### Directions for this task
Output a character-exact copy of the data, images removed.
########################################
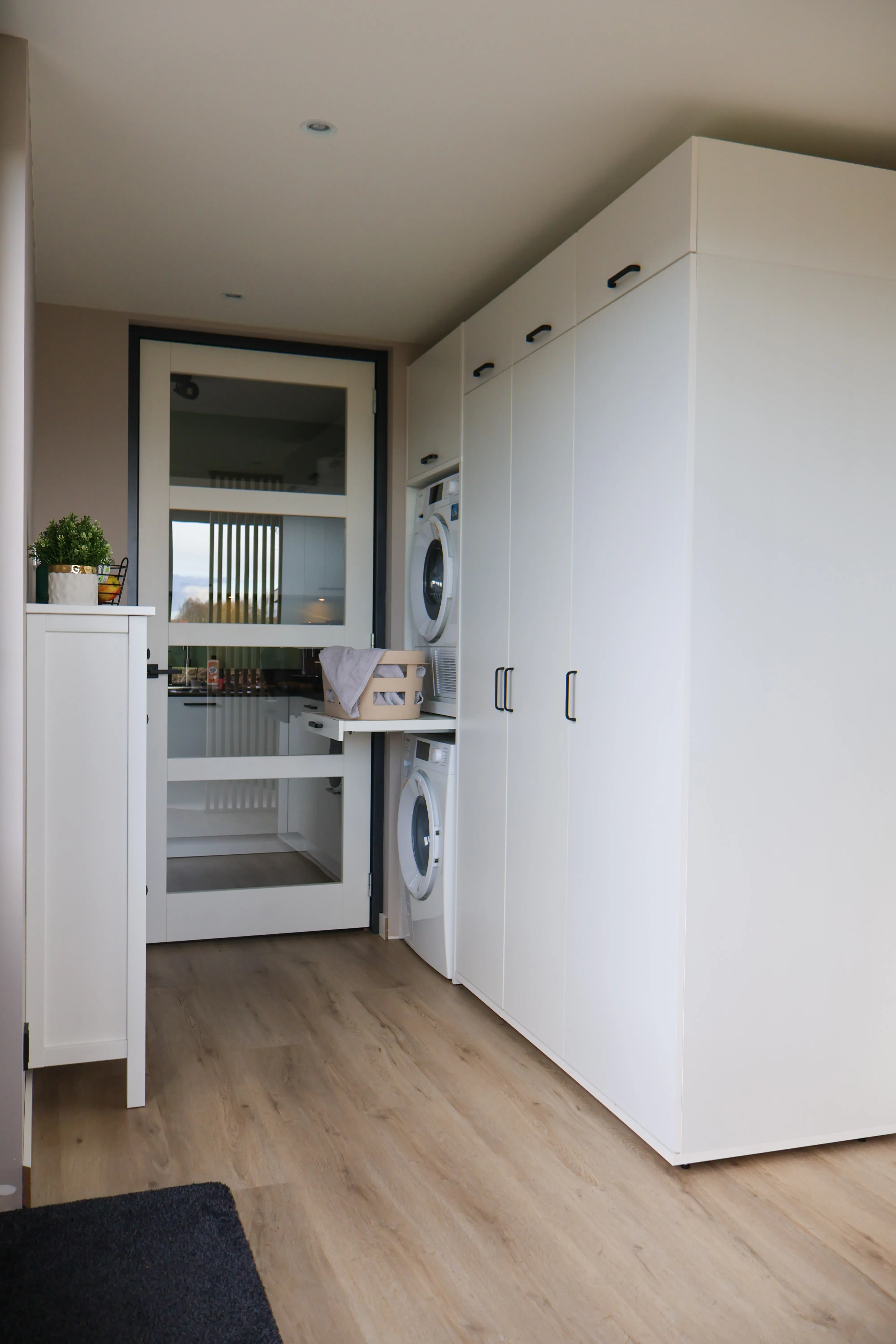 LanguageSince the cabinet was installed, the entire space has changed. Everything is neatly tucked away behind doors, eliminating visual clutter and giving the laundry area an immediate sense of calm and order. It’s also used multifunctionally: besides space for cleaning supplies, there’s also room for shoes and coats. Family and friends are extremely enthusiastic about the result. “In fact, several friends were instantly inspired to create a similarly organized laundry area themselves,” Emma says.
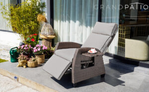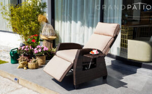 Grand patio Recliner PE Wicker, Adjustable Position Height Armchair with Flip Table and Cushion, Aluminum Frame, Lounge Chair for Indoor, Outdoor (Brown Wicker, Beige Cushion)
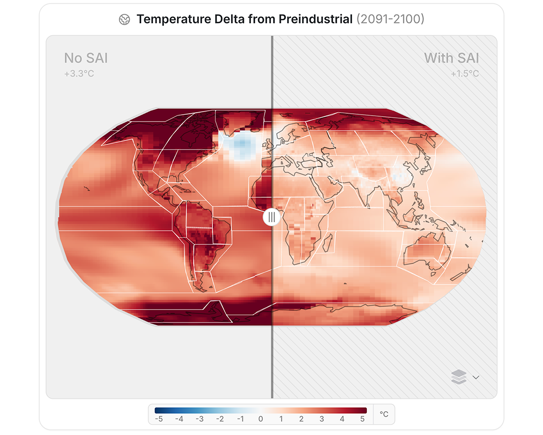 The simulator provides a fast, interactive way to explore the climate effects of different SAI deployment scenarios and compare them to the impacts of continued warming.
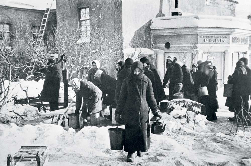 Ленинград, 1941 г. У водоразборной колонки, установленной на углу улицы Дзержинского и Загородного проспекта
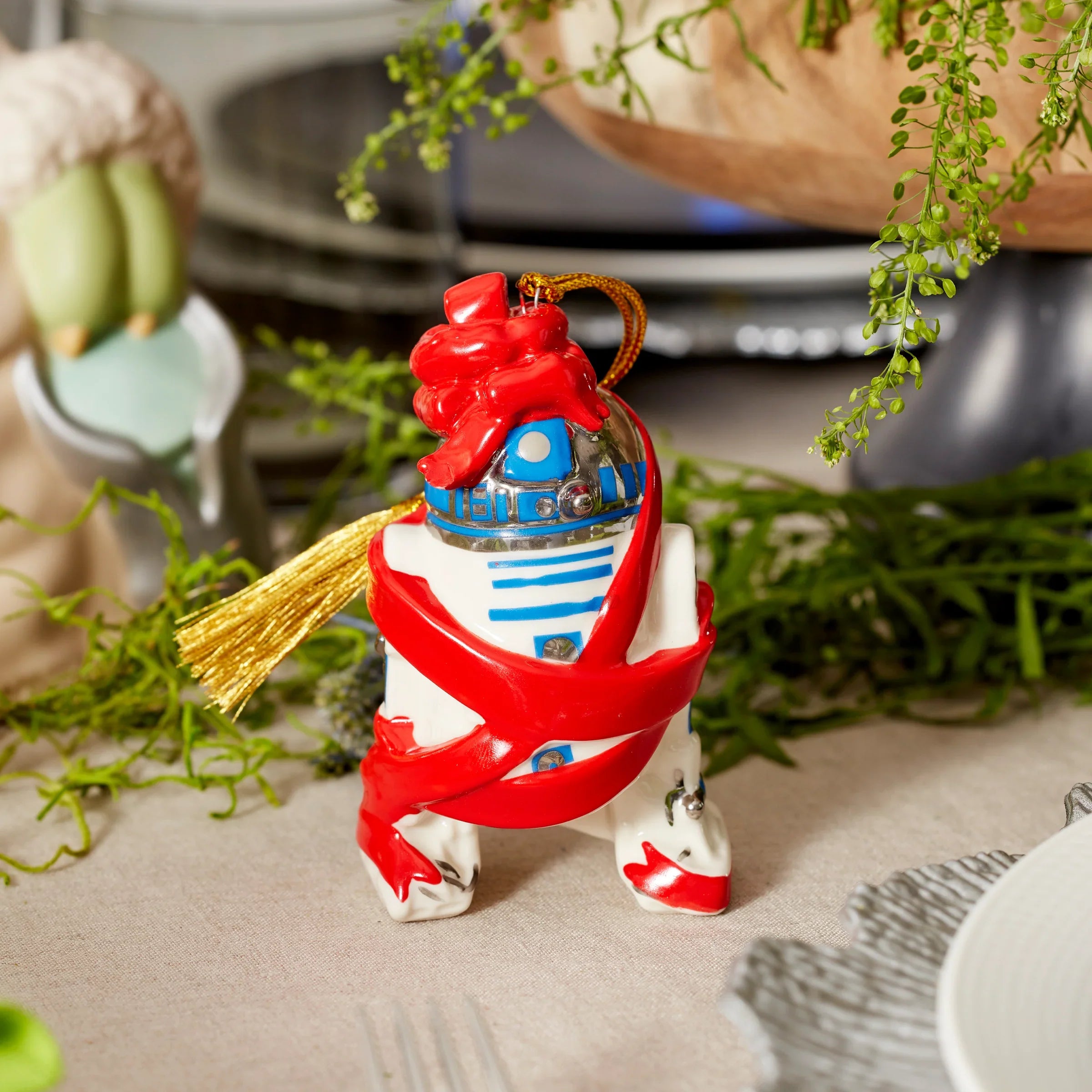 R2-D2 is wrapped up and waiting for the Christmas celebrations to start! This delightful droid is decked out for the season with a bright red bow and ribbons, and is ready to take your holiday out of this world.
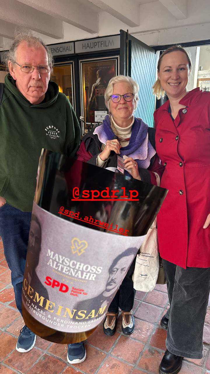 Die SPD Bonn hatte für den 1.3.26 zum Film „Unten – Im Ortsverein“ eingeladen. Darin geht es um Parteien und Partizipation, um Beteiligung und Teilhabe. Die AG SPD 60plus Kreis Ahrweiler besuchte deshalb die SPD Bonn und nimmt natürlich auch eine Flasche Wein mit als Dankeschön für die Arbeit. Es ist aber nicht irgendeine Flasche, sondern NE JOODE RUUDE: GEMEINSAM SPD –Ahrwein mit Geschichte un...
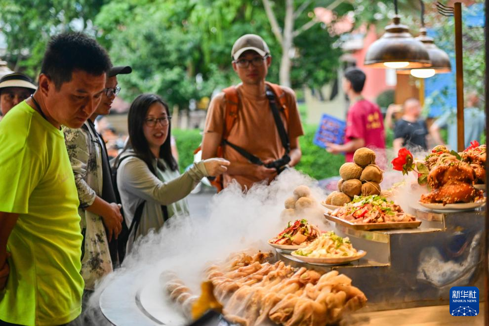 在伊犁哈萨克自治州伊宁市六星街,游客购买当地美食(7月28日摄)。
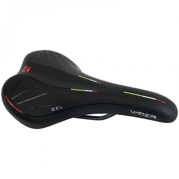 Siodełko rowerowe marki VADER. Przeznaczone do rowerów typu MTB. Żelowe. Wymiary: 275x155mm. CZARNE
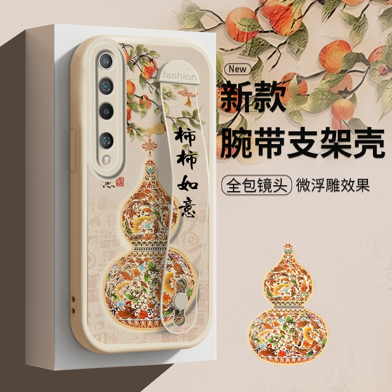 金丝宝葫芦适用小米10手机壳10s新款10pro小羊皮十青春版腕带10至尊版支架mi10全包防摔女高级艺术保护软套
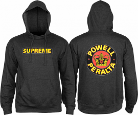 Pánská mikina od značky POWELL PERALTA, model SUPREME. Stylová klasická klokanka s velkou volně dostupnou přední kapsou. Kapuce stahovatelná tkaničkou. Velký potisk na zadní straně mikiny, menší potisk na přední straně - na prsou. Příjemný tenčí materiál označovaný jako medium weight - 80% bavlna, 20% polyester.
########################################
### Exercise response
 LanguageSince the cabinet was installed, the entire space has changed. Everything is neatly tucked away behind doors, eliminating visual clutter and giving the laundry area an immediate sense of calm and order. It’s also used multifunctionally: besides space for cleaning supplies, there’s also room for shoes and coats. Family and friends are extremely enthusiastic about the result. “In fact, several friends were instantly inspired to create a similarly organized laundry area themselves,” Emma says.
 Grand patio Recliner PE Wicker, Adjustable Position Height Armchair with Flip Table and Cushion, Aluminum Frame, Lounge Chair for Indoor, Outdoor (Brown Wicker, Beige Cushion)
 The simulator provides a fast, interactive way to explore the climate effects of different SAI deployment scenarios and compare them to the impacts of continued warming.
 Ленинград, 1941 г. У водоразборной колонки, установленной на углу улицы Дзержинского и Загородного проспекта
 R2-D2 is wrapped up and waiting for the Christmas celebrations to start! This delightful droid is decked out for the season with a bright red bow and ribbons, and is ready to take your holiday out of this world.
 Die SPD Bonn hatte für den 1.3.26 zum Film „Unten – Im Ortsverein“ eingeladen. Darin geht es um Parteien und Partizipation, um Beteiligung und Teilhabe. Die AG SPD 60plus Kreis Ahrweiler besuchte deshalb die SPD Bonn und nimmt natürlich auch eine Flasche Wein mit als Dankeschön für die Arbeit. Es ist aber nicht irgendeine Flasche, sondern NE JOODE RUUDE: GEMEINSAM SPD –Ahrwein mit Geschichte un...
 在伊犁哈萨克自治州伊宁市六星街,游客购买当地美食(7月28日摄)。
 Siodełko rowerowe marki VADER. Przeznaczone do rowerów typu MTB. Żelowe. Wymiary: 275x155mm. CZARNE
 金丝宝葫芦适用小米10手机壳10s新款10pro小羊皮十青春版腕带10至尊版支架mi10全包防摔女高级艺术保护软套
 Pánská mikina od značky POWELL PERALTA, model SUPREME. Stylová klasická klokanka s velkou volně dostupnou přední kapsou. Kapuce stahovatelná tkaničkou. Velký potisk na zadní straně mikiny, menší potisk na přední straně - na prsou. Příjemný tenčí materiál označovaný jako medium weight - 80% bavlna, 20% polyester.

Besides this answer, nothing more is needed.